EDMed specimen of sample I: (a) residual stress = 36.3 MPa and (b) residual stress = 129 MPa

EDMed specimen of sample II: (a) residual stress = 41.8 MPa and (b) residual stress = 231.5 MPa.
Figure 10(a) and (b) shows the minimum and maximum residual stresses for material II (10 vol% SiC–5 vol% quartz/Al matrix composite). The minimum residual stress was obtained for trial 13 (I = 4 A; ton = 45 µs; toff = 15 µs, e = Gr, d = EDM oil + Gr powder), and maximum residual stress was obtained for trial 18 (I = 8 A; ton = 45 µs; toff = 45 µs, e = Cu–Gr, d = EDM oil). Both micrographs show the flow line of molten metal. However, these flow lines are more predominant in Figure 10(b) due to severe melting leading to high residual stress.
The SEM pictures of the machined surface represent the comparison of surface having highest and lowest residual stresses. This SEM analysis of the sample also reflects the surface properties of the machined surface such as surface roughness, porosity and crack. The machined surface in both the composites has a porous structure, which shows that the metal removal process was a result of melting, evaporation and spalling. 38 Furthermore, the surface topography reveals that the residual stresses may be caused due to metal flow, globules pockmarks, voids and crack. For material I, the flow lines of molten matrix are not as severe as observed in material II due to low coefficient of thermal expansion and density of reinforced particulate but there is a formation of pores and voids in the micrograph.
Material I (65 vol% SiC/A356.2) does not show large flow line phenomena on the machined surface as seen in material II (10 vol% SiC–5 vol% quartz/Al composite). This could be due to low heat expansion coefficient and high density of reinforced particles in material I and thus do not experience high thermal gradient and volume change during EDM. The typical XRD spectra of un-machined and EDMed workpiece were carried out for both materials using Cu Kα radiations (λ = 1.5406 Å) to examine the changes on the machined surface using a scan rate of 1°/min and range up to 140° with the generator setting of 40 mA and 45 kV. The resulting scans are shown in Figures 11 and 12. The lower most plots in both figures are for the un-machined surface, and the other two plots are for trials, which exhibited lowest and the highest residual stresses. The XRD of machined surface in Figures 11 and 12 indicates the formation of new phases. The peak intensity reduces as the residual stress magnitude increases due to dislocation of planes of atoms.

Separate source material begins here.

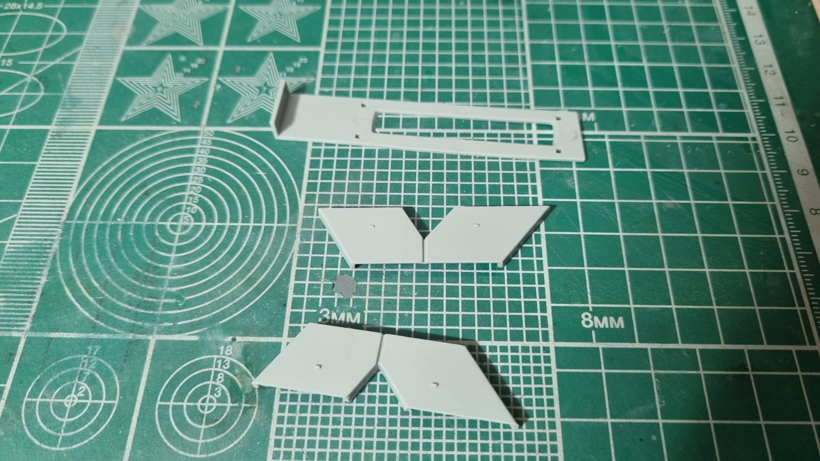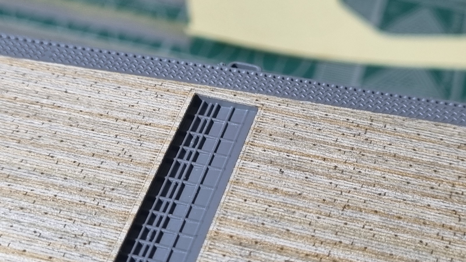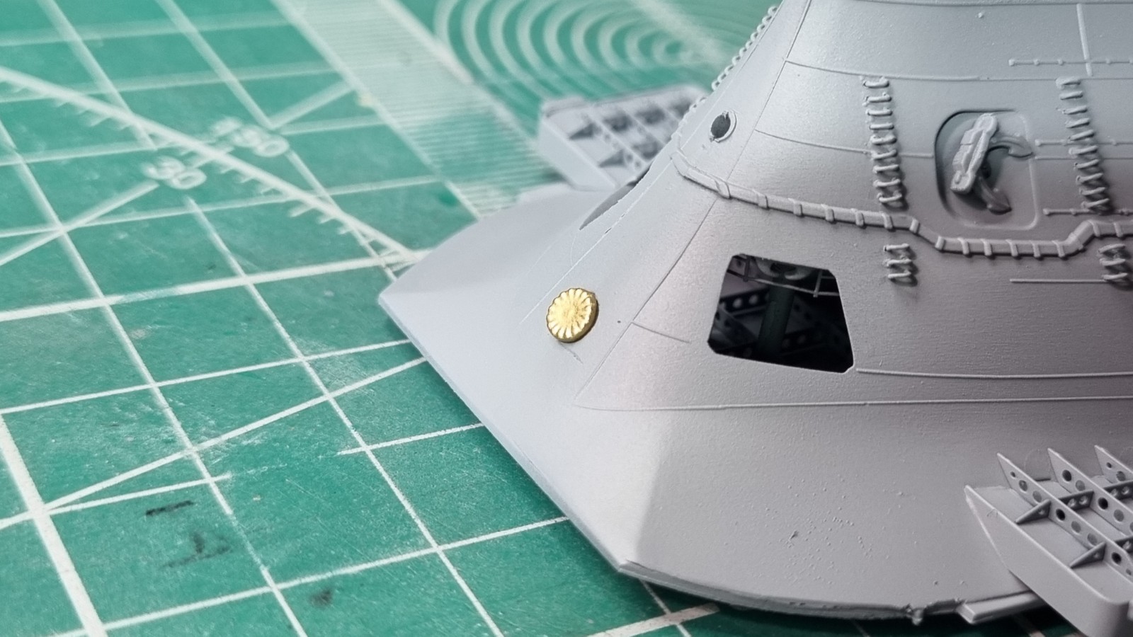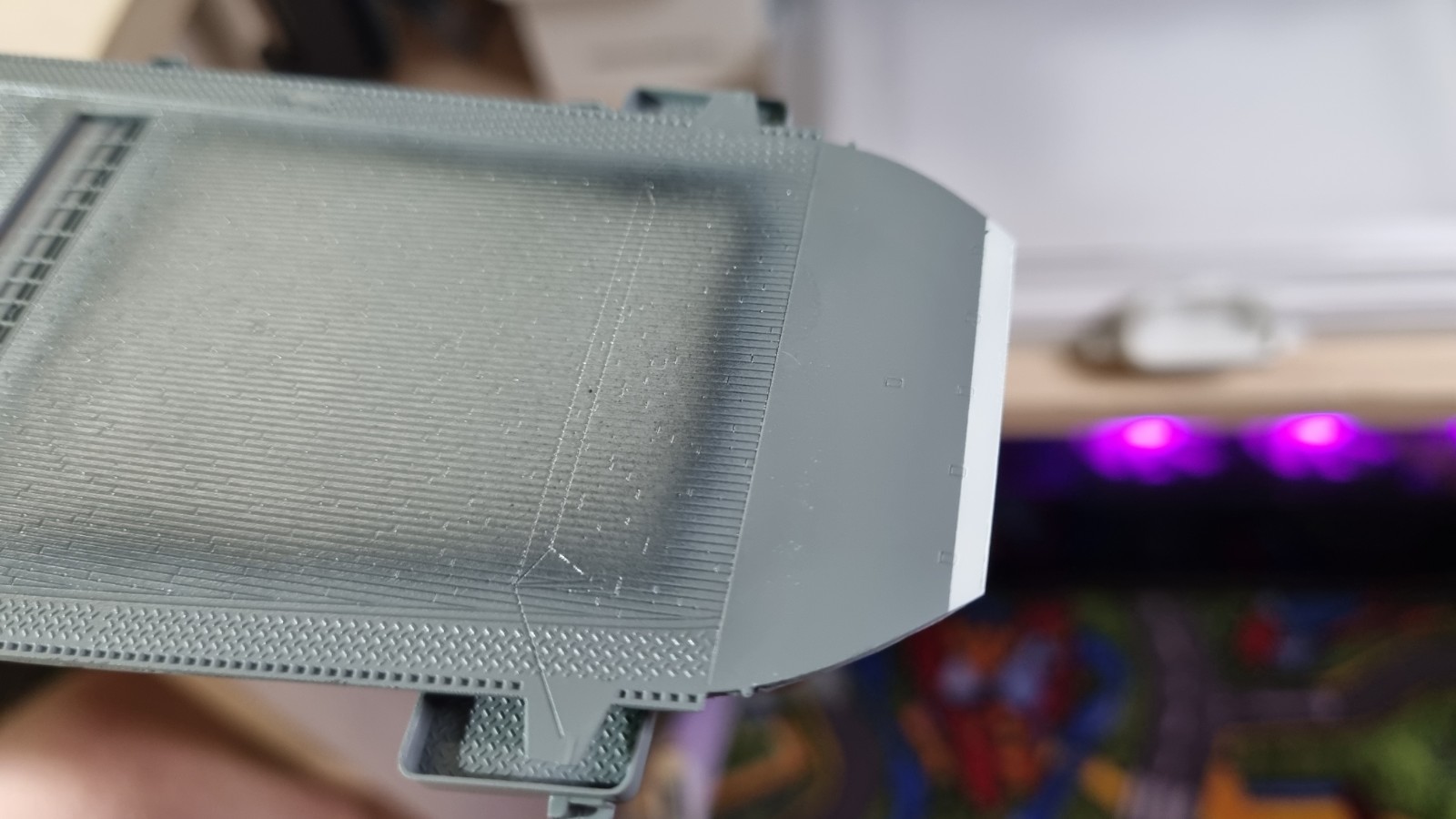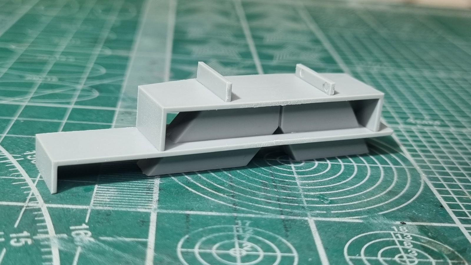 Первое, оно же главное. Кормовая часть не ложится в размер по длине где то на 1-'1,5 мм. То есть видимо придётся отрезать полоску на стыке с центральной частью.

XRD spectra of sample I (a) before EDM and (b and c) EDMed surface with residual stress of 36.3 and 129MPa, respectively.

XRD spectra of sample II (a) before EDM and (b and c) EDMed surface with residual stress of 41.8 and 231.5 MPa, respectively.
Conclusion
This study reports the result of an experiment conducted on two different variants of MMCs for assessing the residual stresses induced while machining with an EDM process. Pulse-off time was identified as the most significant factor resulting in residual stresses in two materials. The analysis of results showed that MMCs with low coefficient of thermal expansion and a high density of reinforced particle have lower residual stresses. The electrode material which had high conductivity resulting in smooth formation of plasma channel between the electrodes induced least amount of residual stresses. The increase in pulse-off time causes a steep rise in residual stress due to extended solidification period while pulse-on time has no effect. The addition of power in the dielectric lowers the residual stresses. However, the conductivity of power particles has no effect on residual stresses. Subsequently, ANN model was developed to predict the residual stresses in such materials. The model accurately predicts the residual stresses and can be used as a reliable tool for the study of residual stresses in case of complex problems that involve qualitative and quantitative factors. The XRD patterns clearly indicate the formation of new phases on the machined surface. The peak intensity after machining is reduced due to dislocation of atomic layer resulting in residual strains.
Footnotes
Appendix 1
Declaration of conflicting interests
The authors declare that there is no conflict of interest.
Funding
This research received no specific grant from any funding agency in the public, commercial or not-for-profit sectors.